Monday, February 12, 2018

After Midnight, Some dark offerings

Despite setbacks in life, I still try to find time to read, and feed my brain.  Sometimes that means a book of ancient poems by an ancient poet, sometimes I read history books on ancient battles, and even though rarely, I still enjoy reading a comic series.

The offerings here are from a darker vein than most, but perhaps that is appropriate.  I've recently lost people I'd otherwise thought as friends, had so little money I couldn't order copies of books I've written to resell, and have health issues that I find depressing at a deeper level than normal.

Behind every great suspense thriller lurks the shadow of M. In Fritz Lang's first sound film from 1931, Peter Lorre delivers a haunting performance as a serial killer--a whistling pedophile hunted by the police and brought to trial by the forces of the Berlin underworld.  In 1990, a young painter, Jon J Muth, continued his rise in the comic book industry by adapting the story of M into a four-issue comic book miniseries. Muth's photorealistic illustrations paved the way for the acceptance of painted comics, influencing a generation of artists who followed him.

M by Jon J. Muth was a near exact frame per frame adaptation of the Fritz Lang film M.  It is mind blowing, and especially so if you are a fan of the movie, or Mr. Lang's work in general.

"It’s Gotham City, 1928. Twenty years have passed since a madman slew the parents of young Bruce Wayne, heir to one of the city’s oldest fortunes. Twenty years since he fled the carnage of Gotham.
But now Bruce Wayne has returned—and hell has followed. A terrible thing from beyond space and time has awakened. The Lurker on the Threshold has called its faithful servants—immortal sorcerers, reptile men, beings of eldritch cold and fungal horror—to feed our world into its gaping maw.  If the Batman hopes to end the horror, how terrible must Bruce Wayne become?"
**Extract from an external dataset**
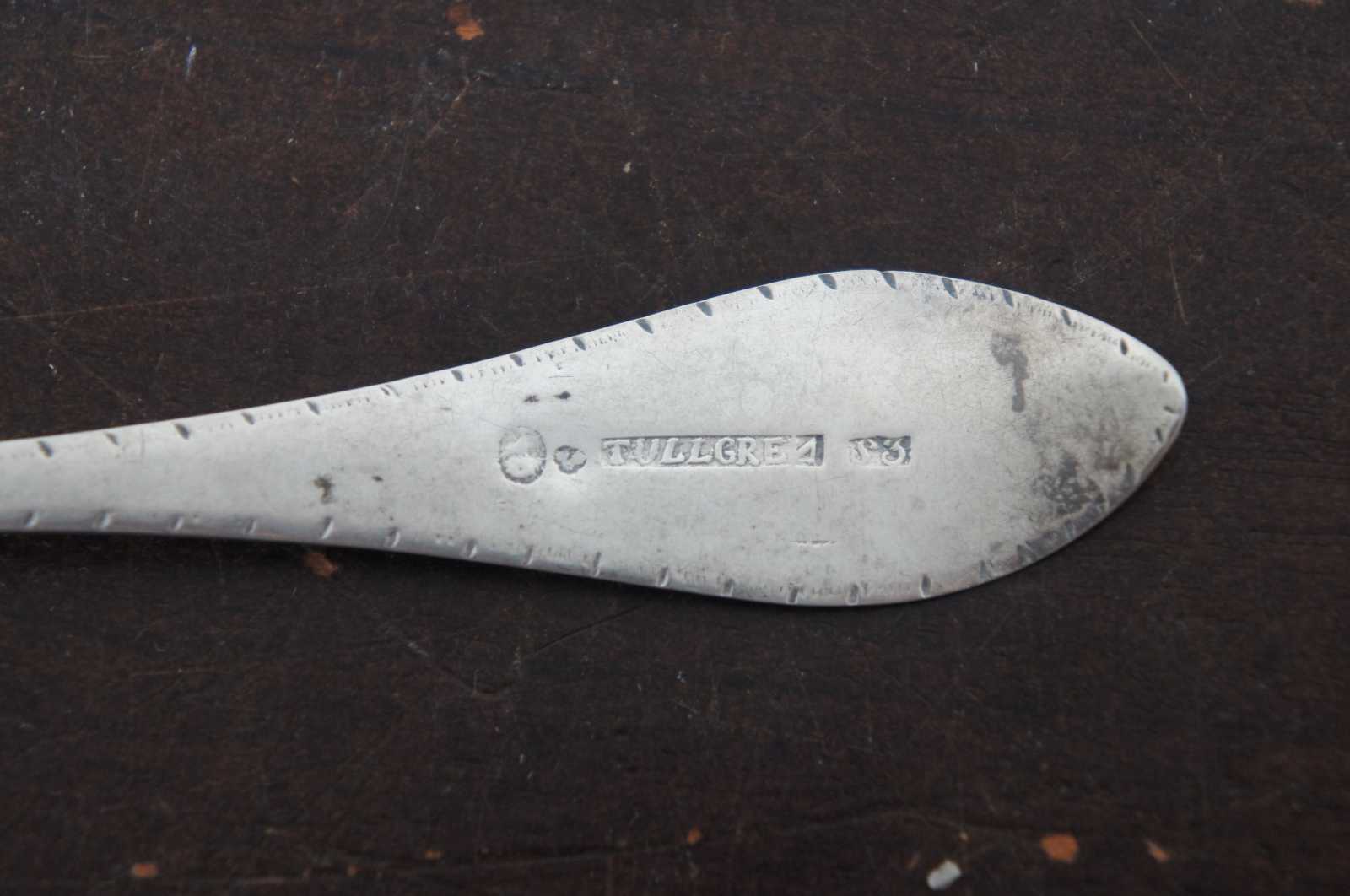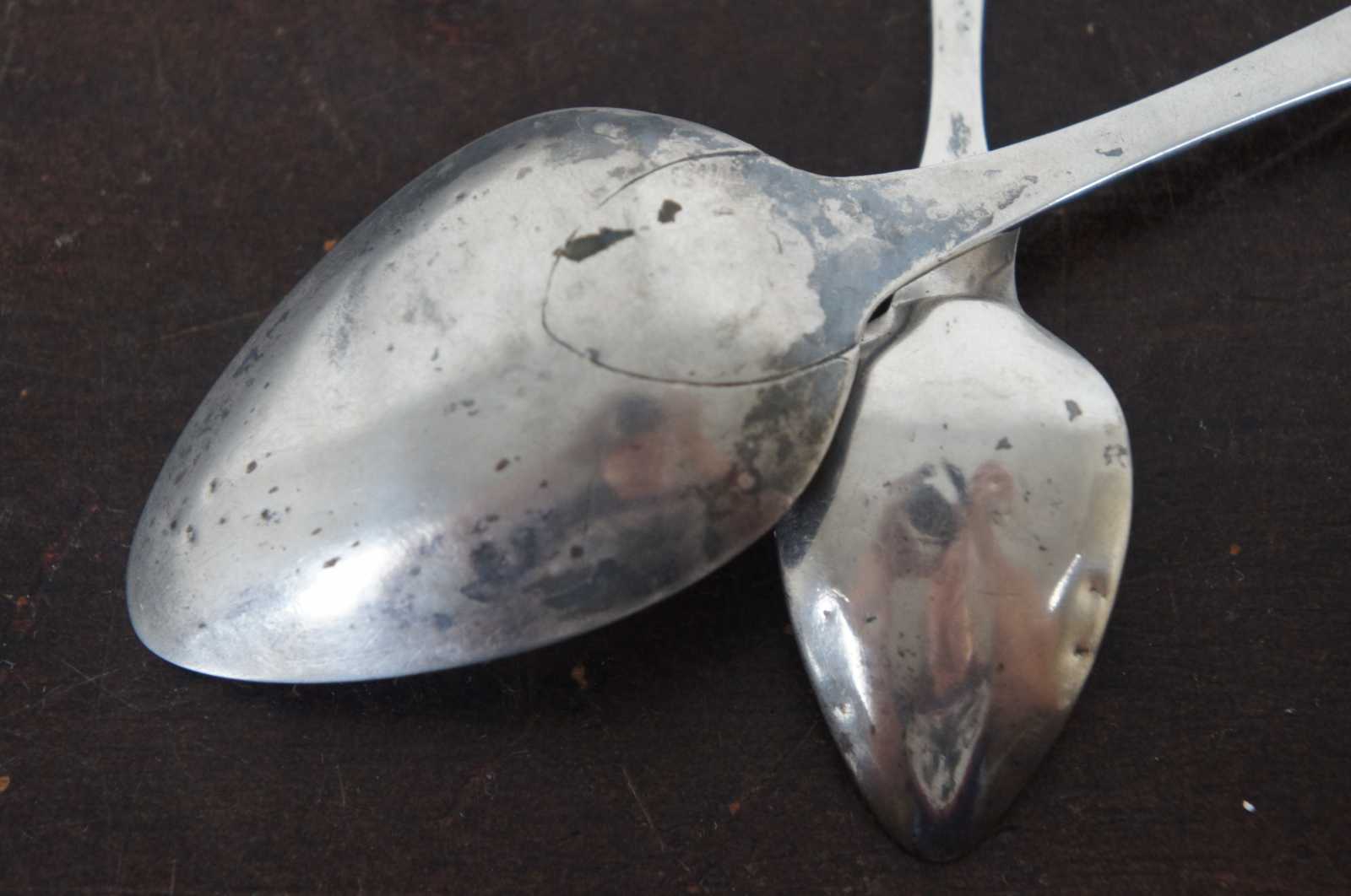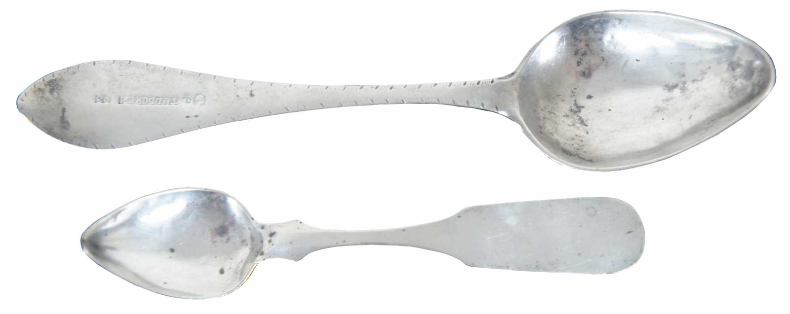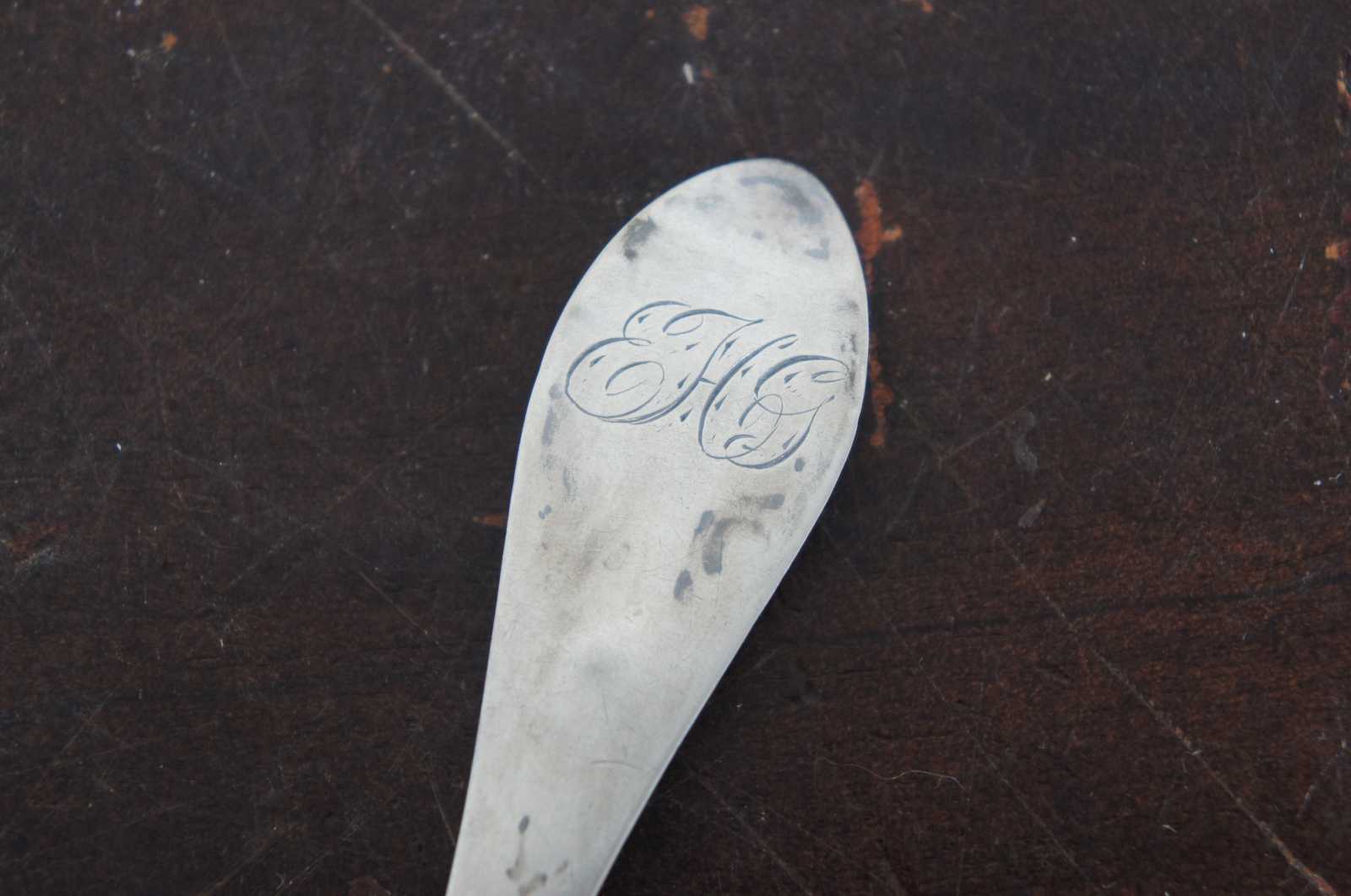 Pair of antique coin silver spoons one monogrammed “EHG” and marked Tullgren, the other marked J. Draper.

Batman: The Doom that came to Gotham takes freaky weird stories that match the Mike Mignola cover art, wraps it into a Batman story, and applies the Cthulhu mythos.  It is seriously far better than most comics that include super heroes.
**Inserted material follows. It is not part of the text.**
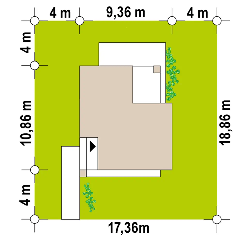 Budynek posiada wejście w bocznej elewacji i jest idealny na wąską działkę. Pomimo małej powierzchni, w domu zaprojektowano przestronny salon, aneks kuchenny z miejscem na stół jadalny, 2 sypialnie, schowek i łazienkę. Wyraźnie wydzielona część dzienna i jedna z sypialni posiadają otwarcie na taras i ogród.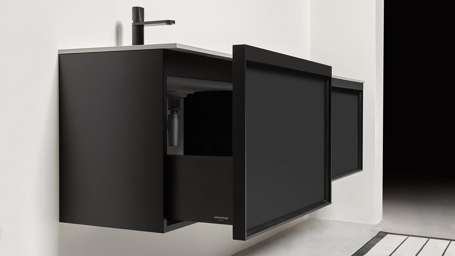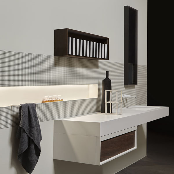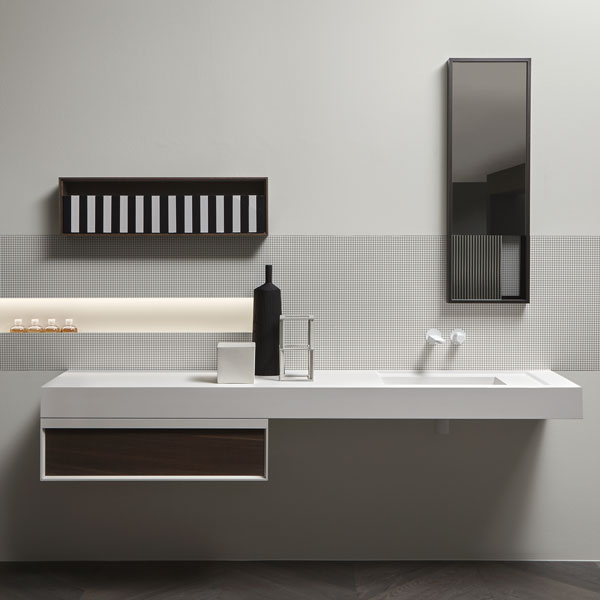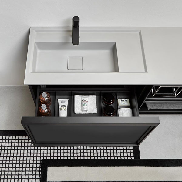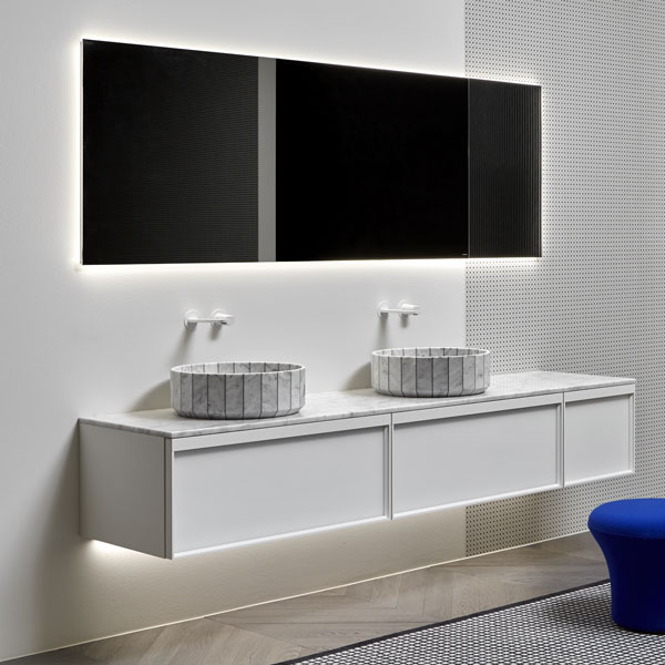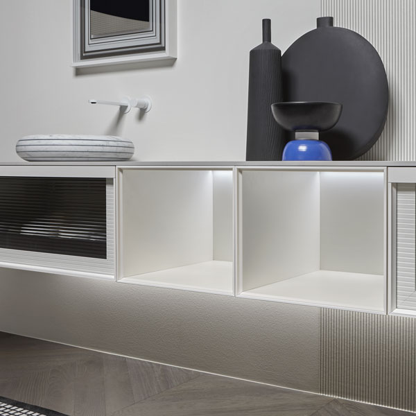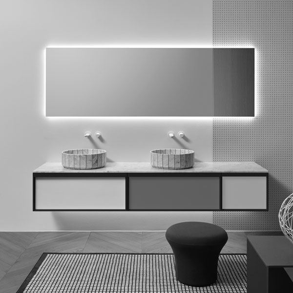 The Bemade collection is the coherent evolution of Bespoke, one of antoniolupi's bestsellers, from which it inherits the purity of form and compositional flexibility while respecting a rigorous and essential sign. The evolution lies precisely in the concept of the frame but also in the possibility of offering even greater possibilities for customizing the volumes to give identity to the space, to dialogue with the architectural elements that characterize the bathroom environment and not only.

"He has gone from supernatural hero to insane spirit of evil. In this collection, Deadman faces a slew of malicious spirits and the damned humans attacked by these paranormal entities. He must save the souls of murdered carnival freaks trapped in the abandoned remnants of a defunct circus train, rescue kidnapped children and battle a tide of demons. Great power lies within Deadman, but it can only be unlocked if he faces the secrets within himself—secrets that have driven him mad. Can he save the souls of the living and the dead when he cannot save himself?"
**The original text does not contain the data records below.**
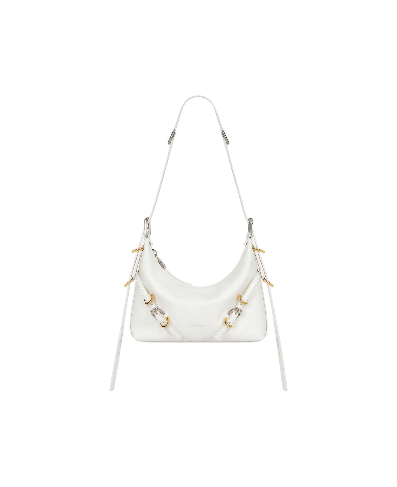 Ivory Voyou mini shoulder bag crafted from lightly tumbled calf leather. Model featuring a main compartment, an internal zipped pocket, top zip closure, gold and silver-tone metal details, metal buckles with GIVENCHY engraving, adjustable shoulder strap for hand, shoulder or cross-body wearability (length from 30 to 95. 5 cm). Minimum span: 20. 5 cm and maximum span: 50 cm. The bag is finished with the signature GIVENCHY embossed on the front of the bag and on the back of the shoulder strap.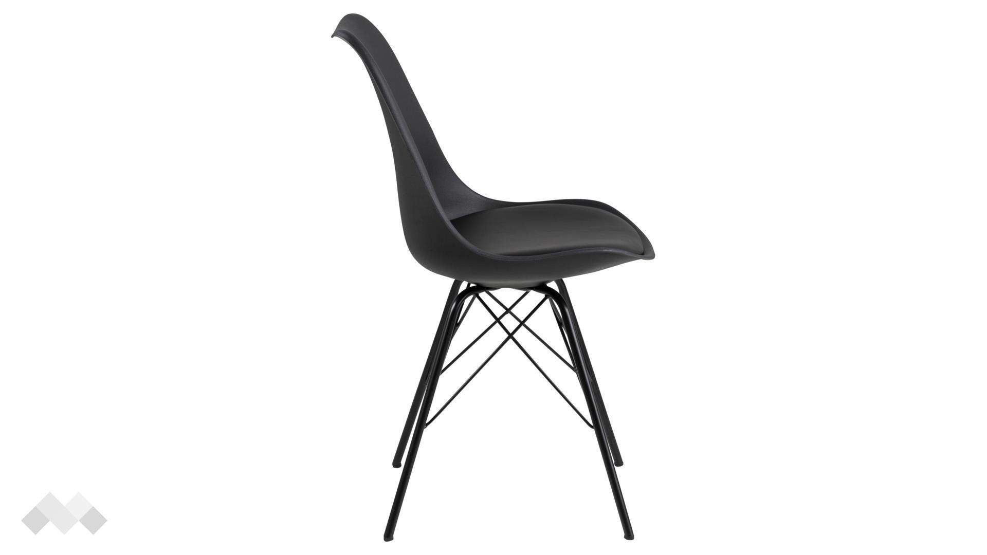 Седалката на стола е с ергономична форма, която перфектно следва извивките на тялото, предоставяйки комфорт при дълги хранения. Възглавничката от изкуствена кожа добавя мекота и улеснява почистването, а металните крака осигуряват стабилност и допълват елегантния вид.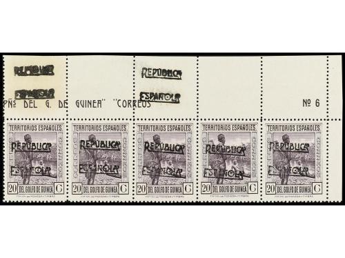 * COLONIAS ESPAÑOLAS: GUINEA. Ed. 221A. 20 cts. violeta tira de cinco, dos sellos doble habilitación en el borde de hoja. PRECIOSOS.
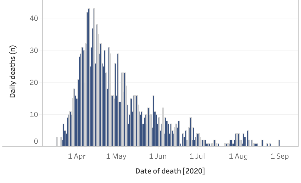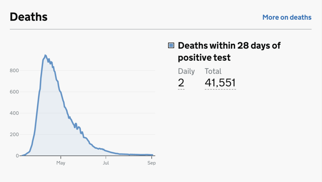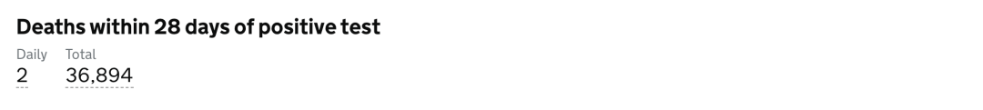 目前英格兰地区使用呼吸机的新冠患者有54人(*);病亡新冠患者总计36,894人(+2)。
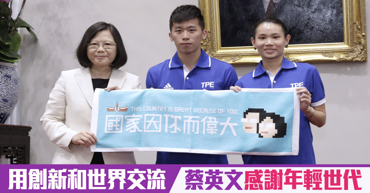中華民國總統 蔡英文:「剛剛結束的台北世大運,策劃開幕表演的三位導演,平均年齡才35歲,他們不僅展現台灣多元族群的內涵,更融入了數位設計,讓全世界的觀眾留下深刻的印象,讓台灣成為獨一無二的品牌。」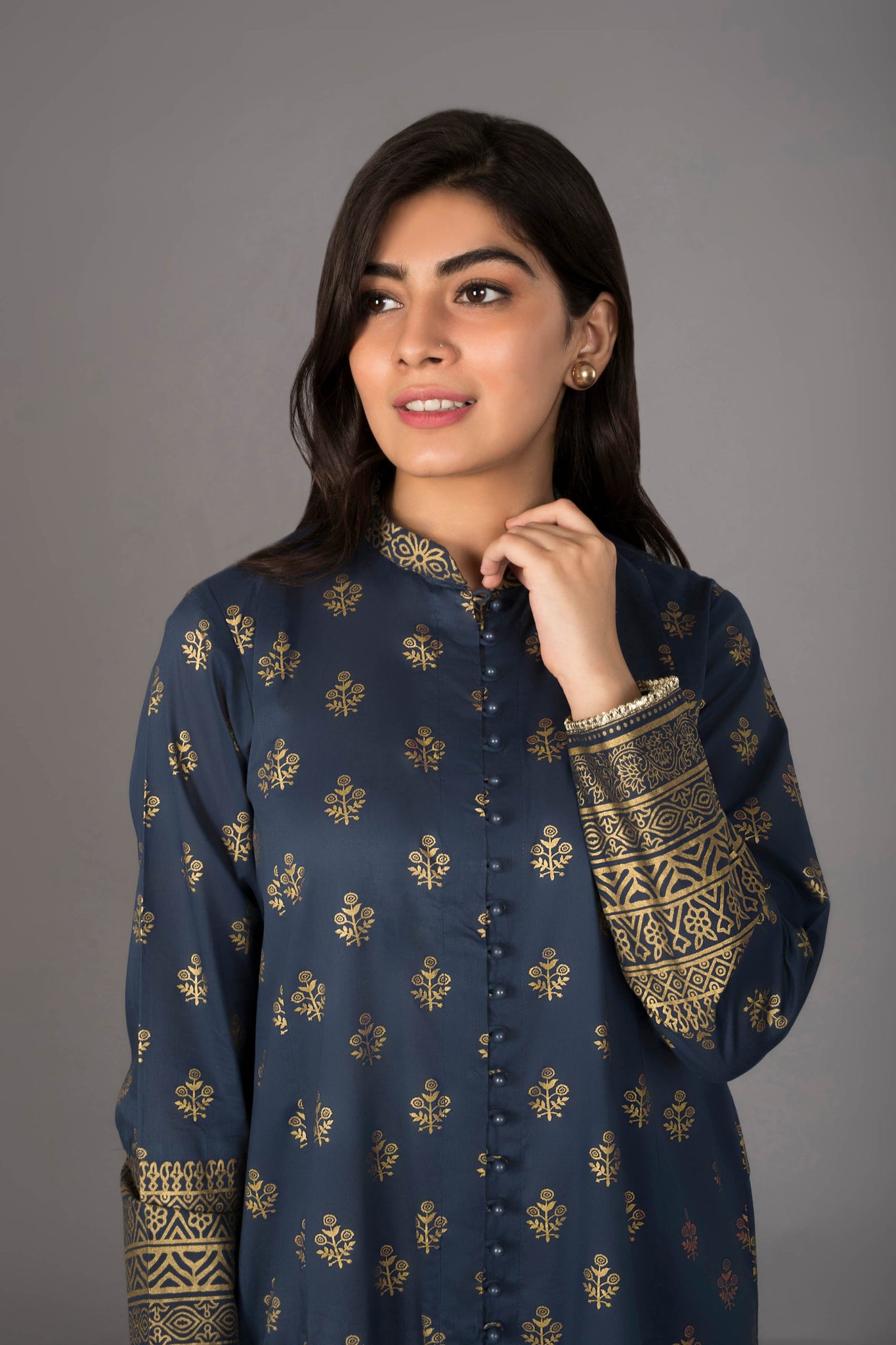 Midnight blue kurta with buttons down the neckline and a modern silhouette to create a startling ensemble .

Deadman by Mike Baron and artist Kelley Jones combines darkly ironic, humorous words with a moody, truly macabre art approach to the character.  I love Baron's writing, but added to the moody dark of Jones, it is perfection.


The story of The Crow essentially follows a man turned vengeful spirit named Eric. He and his fiancée, Shelly, are assaulted by a criminal gang after their car breaks down. Eric is shot in the head and is unable to move. Eric dies, but is thereafter resurrected by a crow and seeks vengeance, methodically stalking and killing his fiancé's killer.

I confess, The Crow by J.O'Barr took a while to grow upon me.  I think most of the stories felt less like a story found within a greater mythos and instead, vignettes of a dark nature.  But, I like the character, and especially when O'Barr writes the stories, more than if he is both artist and writer, the dark is palpable and rich.

MISTER X is self described by Dean Motter and his various publishers as a fusion of film noir, Art Deco, and German Expressionism.   The story is of a utopian city with architecture that drives its inhabitants mad and the never-sleeping architect who quested tirelessly for a cure, Mister X. 

Mister X never or almost never sleeps, his mania, his nightly patrols of the city, all illustrate a tragic figure, but also, far deeper layers than the average reader would detect.  He is not a character you love, but he is a character worthy of the pathos I feel for him.  He is the creator of a madness, and his job is to cure it. 

The Horrorist is a tale of the character John Constantine as detailed and fleshed out by Jamie Delano, that is powerful, even filled with depth not seen in the longer run in the book Hellblazer.  Perhaps it is this way due to David Lloyd's art, or that facing a limited page count, Jamie told a story that had to have a certain amount of power to it in the space offered.  Jamie is my favorite writer of Hellblazer (Mike Carey thereafter) and it isn't wrong to suggest I just like Jamie on the character.  But I think it is the art with his words, that sort of gestalt combination, where one plus one equals three.  This is dark, raw but also beautiful, for what it is.

Sandman Mystery Theatre is not truly dark, despite the night time activities of the Golden Age Sandman and his companion.  It is a perfect 1940s pulp written for the modern audience, and Guy Davis art makes it have layers of texture, layers of meaning, that most comic art fails to create.   I like this, and it is a book I read when feeling a dose of Pulp.